Navigate to 'http://ec2-46-51-163-241.eu-west-1.compute.amazonaws.com/install.php' to complete the drupal installation.

This is because Drupal 6.x requires some manual configuration at the end of the installation. According to a conversation I had with Marius Ducea, who authored the cookbook for Drupal, that limitation should be removed with Drupal 7.

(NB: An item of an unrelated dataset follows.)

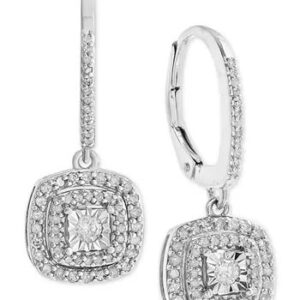 Diamond Halo Drop Earrings (1/2 ct. t.w.) in Sterling Silver, 14k Rose Gold Sterling Silver & 16k Gold Sterling Silver.

It is assumed that there is an OpenAM 9.5 server running somewhere in your data center or in the cloud. That OpenAM server must be accessible from the newly created Drupal instance. In this demo, I have created an OpenAM server in EC2 that is attached to an Elastic IP (static IP address). Chef is also used in the OpenAM server to help with automatically importing the metadata descriptor of the SAML2 service providers that are started in the same Opscode's managed organization. A unique recipe for OpenAM is executed on a regular basis, by chef-client running as a daemon, which only task is to search for any node that is assigned with the drupalsaml role, then retrieve the location of the service provider metadata reading the simplesamlphp.metadata attribute, to finally execute ssoadm import-entity locally. The openam recipe is fairly straighforward.

sps = []
url = String.new
hostname = String.new

search(:node, "role:drupalsaml") do |n|
  sps << n
end

sps.each do |n|
  url = n['simplesamlphp']['metadata']
  hostname = n['hostname']

  if !url.nil? && url.match(/^http/)
    bash "download-entity-descriptor" do
      user "root"
      cwd "/tmp"
      code <<-EOH
      wget #{url}
      EOH
      only_if "/usr/bin/test ! -f /var/log/entities#{hostname}"
    end

    execute "move_entity_descriptor" do
      user "root"
      command "mv /tmp/openam-idp /var/log/entities/#{hostname}"
      action :nothing
    end

    execute "ssoadm_import_entity" do
      user "root"
      command "/opt/openam/bin/ssoadm import-entity -u amadmin -f /opt/openam/password -m /tmp/openam-idp -t local"
      notifies :run, resources("execute[move_entity_descriptor]")
    end
  end
end  

Now, you click on the screencast below to see how the identity federation between Drupal and OpenAM works in practice.


video

3 commentaires:

Libby lydia a dit…

I highly recommend his/her workings with the useful informative information.
law dissertation papers

devon broad a dit…

Payday cash advances, day and Fitting financial loans, in addition to Automobile check cashing conception financial loans. the general public target aiding you select for the right assets loan product or service which is able to assist you to satisfy your own economic needs.

Deann J Outlaw a dit…

USA day cash advances in Il possesses many various assets loan picks therefore on be wise that embrace, day cash advances, day and Fitting easy auto title loans chicago financial loans, to boot to Automobile conception financial loans. the public target aiding you select for the right assets loan product or service that's in a very position to assist you to satisfy your own economic needs.